Are there repair or rebuild parts for the eaton hydrostatic rearends available anywhere? I have a 1250, it still works but the seals are all leaking, parking paw seal, axle seal,etc.. I've google searched & checked locally but no luck so far! Thanks for any help with this. Tim
P.S. I would even consider having the whole rearend rebuilt if someone could do it..i love my little tractor!


----------



## chrpmaster (May 5, 2004)

First of all welcome to the Tractor Forum!

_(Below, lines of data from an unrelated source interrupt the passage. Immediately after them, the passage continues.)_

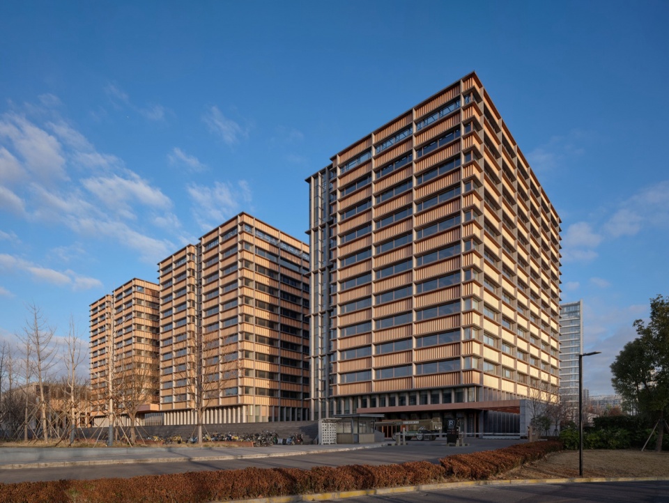 The Changfeng Ecological Business District is located in the southern part of Shanghai’s Putuo District, between the Inner Ring and Middle Ring roads, along the northern bank of Suzhou Creek. Formerly known as the Beixinjing Industrial Area, it is a model for the successful transformation of Shanghai’s old industrial zones and one of the city’s first key areas to promote modern service industry clusters. The district has begun to develop characteristics of an open & service-oriented, headquarters-intensive, and eco-friendly area. The Shanghai Automotive Industry Corporation (SAIC Motor), China’s largest automotive enterprise, is currently undergoing a transformation to become a globally recognized automotive company with international competitiveness and brand influence. The Shanghong Business Center project, located in the Changfeng Ecological Business District, will focus on automotive consumption and brand culture, aiming to create a headquarters cluster for modern automotive service enterprises, a hub for new technologies, knowledge, and leading talents in the modern automotive service industry, as well as a leading base for the demonstration and experience of new automotive service businesses. The project emphasizes energy-saving, green, environmentally friendly, and intelligent design concepts and is SAIC’s first project to achieve both China’s Three-Star Green Building and LEED Gold certifications.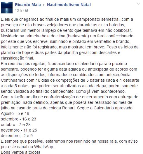 Gostaria de ressaltar o excelente desempenho da imbatível máquina, novamente ganhadora do Campeonato Potiguar do sementre. Um barco Skinny, projetado pelo saudoso e brilhante Pedro Stier, adaptado pelo Mestre Ademir Nicaretta e levado pelas velas do Mestre Paulo Stier. Com uma “conjunção” tão brilhante o resultado não poderia ser outro. Meus agradecimentos e meu respeito à estes líderes da Vela RC do RG65.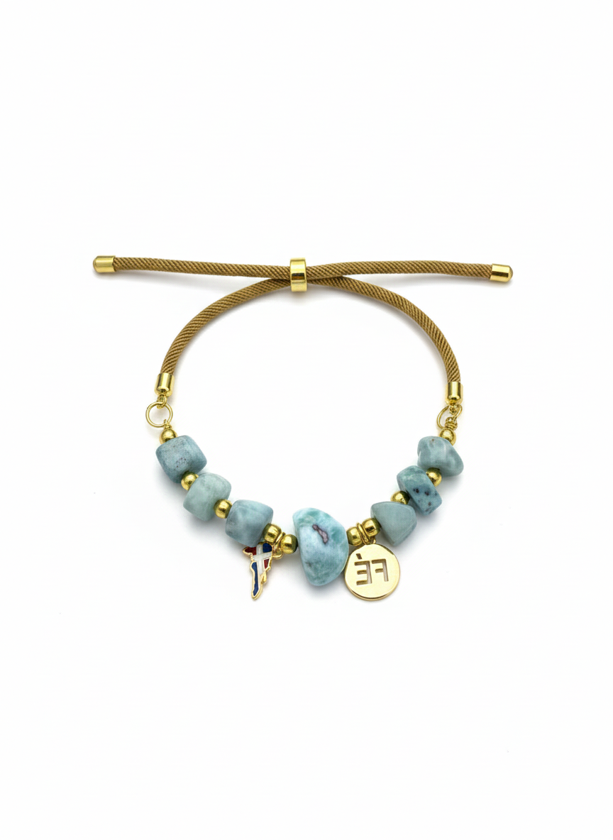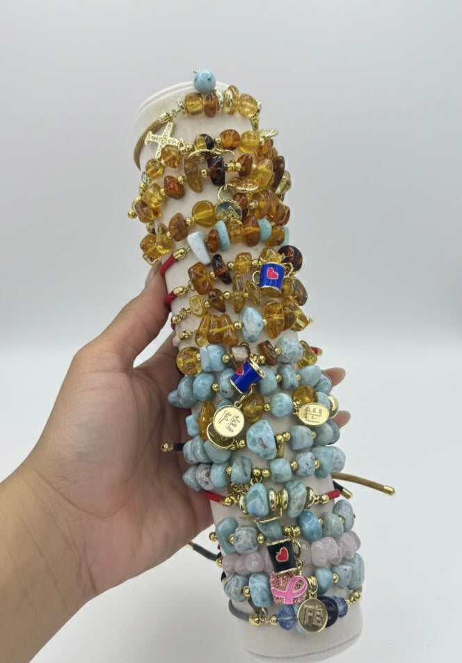 Hermosas pulsera hechas a mano con ambar y larimar dije de Fè enchapado en oro 18k, disponibles en diferentes colores

I'm not sure where you have looked online but two sites to look at are 

http://sonnys_bolens.tripod.com/

http://www.samsbolens.com/

I have not bought anything from either place but their websites seem to have pretty good info.


----------



## demo44 (Jan 6, 2010)

Thanks for the information. I guess I'll have to start making some phone calls. Has anyone on this forum ever had their hydros worked on somewhere???


----------



## HYDROGUARDIAN16 (Feb 14, 2007)

If looking for parts, try MTD. If the bolens is really old microfish (however spelled im not from that era) is the way to look up old parts. Some small engine shops mite have one.


----------



## DLF_IN (Aug 4, 2009)

Contact Don or Pete Duff at [email protected] . 
Dave


----------